-
Notifications
You must be signed in to change notification settings - Fork 929
Description
Starting a simple program with OpenMPI is very slow compared to MPICH (order of 100x slower). This is very anoying when developing and running tests.
$ time mpirun.openmpi -n 4 hostname
uqam-TECRA-A50-K
uqam-TECRA-A50-K
uqam-TECRA-A50-K
uqam-TECRA-A50-K
real 0m3,659s
user 0m0,020s
sys 0m0,374s
$ time mpirun.mpich -n 4 hostname
uqam-TECRA-A50-K
uqam-TECRA-A50-K
uqam-TECRA-A50-K
uqam-TECRA-A50-K
real 0m0,005s
user 0m0,001s
sys 0m0,006s
Using strace, I saw that the slowdown is related to PCI bus scanning, that seems to be done by the mca_ess_hnp component. Here is the stackstrace:
strace -k -o out -e trace=openat mpirun -n 4 hostname
...
> /usr/lib/x86_64-linux-gnu/libc.so.6(openat64+0x42) [0x11b2e2]

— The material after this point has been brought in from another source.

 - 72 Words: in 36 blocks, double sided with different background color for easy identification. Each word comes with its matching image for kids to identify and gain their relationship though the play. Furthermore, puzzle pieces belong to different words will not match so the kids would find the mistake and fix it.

> /usr/lib/x86_64-linux-gnu/libhwloc.so.15.7.0(hwloc_linux_get_tid_last_cpu_location+0xe38d) [0x4558d]
> /usr/lib/x86_64-linux-gnu/libhwloc.so.15.7.0(hwloc_linux_get_tid_last_cpu_location+0x63eb) [0x3d5eb]
> /usr/lib/x86_64-linux-gnu/libhwloc.so.15.7.0(hwloc_linux_get_tid_last_cpu_location+0xda46) [0x44c46]

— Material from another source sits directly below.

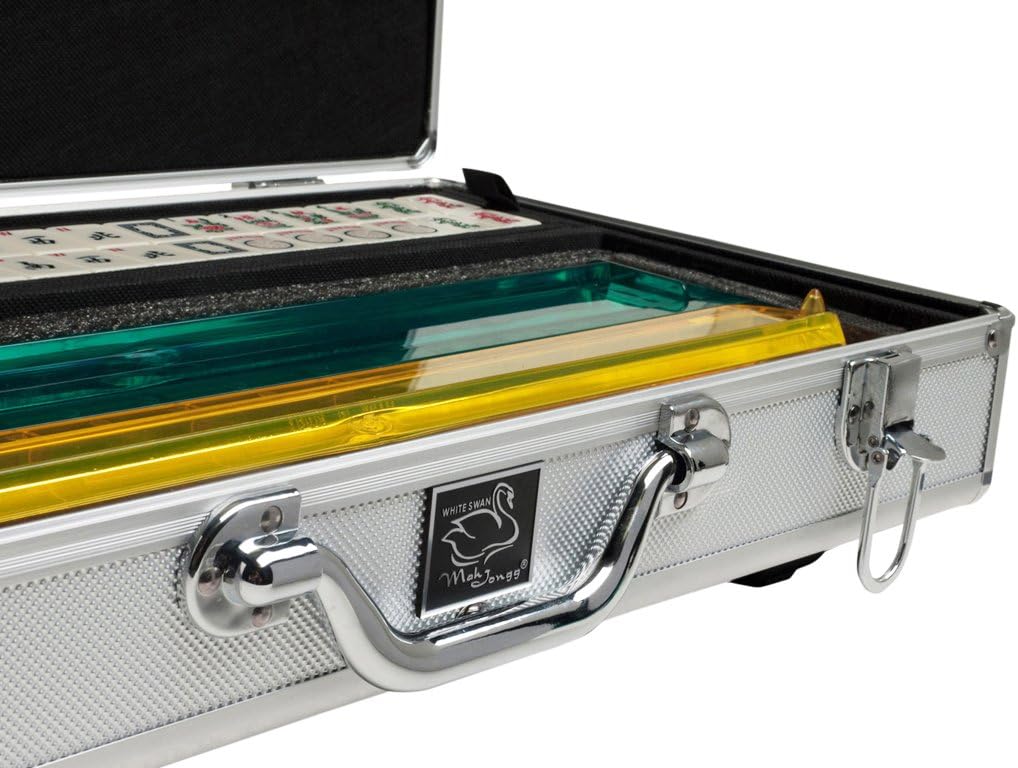 White Swan Mah Jongg sets are the highest quality American Mahjong sets available today. This luxurious product was designed by a team of Mah Jong players and advisors, and is crafted to the highest specifications. It is intended for the discerning Mahjongg player that wants to own the best!The design team incorporated noticeable upgrades from ordinary budget Mah Jongg sets. Most importantly, you will notice the absolutely perfect tiles that are the White Swan trademark. Large and smooth, these tiles feature crisp and clear characters with clearly recognizable red, green, and black colors. Absolute perfection!And it gets even better. You will also notice that these White Swan American Mah Jongg sets come with modern (all-in-one) tile racks & pushers. These colorful tile racks with built-in pushers require no assembly or disassembly. They are ready for immediate game play and are easily stored in the padded forward compartment of the carrying case at the conclusion of your game.White Swan Mah Jongg sets come in an array of beautiful, high quality aluminum cases that feature reinforced ergonomic handles, extra strong latches and hinges, as well as beautifully accented corner protectors.Open the case and discover numerous other upgrades, such as the padded inside lid, perfect for keeping your tiles and other components in place during transport. The tile trays are strong, precisely sized and encased in non-woven fabric, ensuring that your tiles remain clean and organized at all times.If you want to become the envy of your Mah Jongg group, go ahead and treat yourself to a White Swan American Mah Jongg set. Compliments are guaranteed!

> /usr/lib/x86_64-linux-gnu/libhwloc.so.15.7.0(hwloc_topology_load+0xfed) [0x106cd]
> /usr/lib/x86_64-linux-gnu/libopen-pal.so.40.30.3(opal_hwloc_base_get_topology+0x12a6) [0x7b976]
> /usr/lib/x86_64-linux-gnu/openmpi/lib/openmpi3/mca_ess_hnp.so() [0x4c56]
> /usr/lib/x86_64-linux-gnu/libopen-rte.so.40.30.3(orte_init+0x2aa) [0x9815a]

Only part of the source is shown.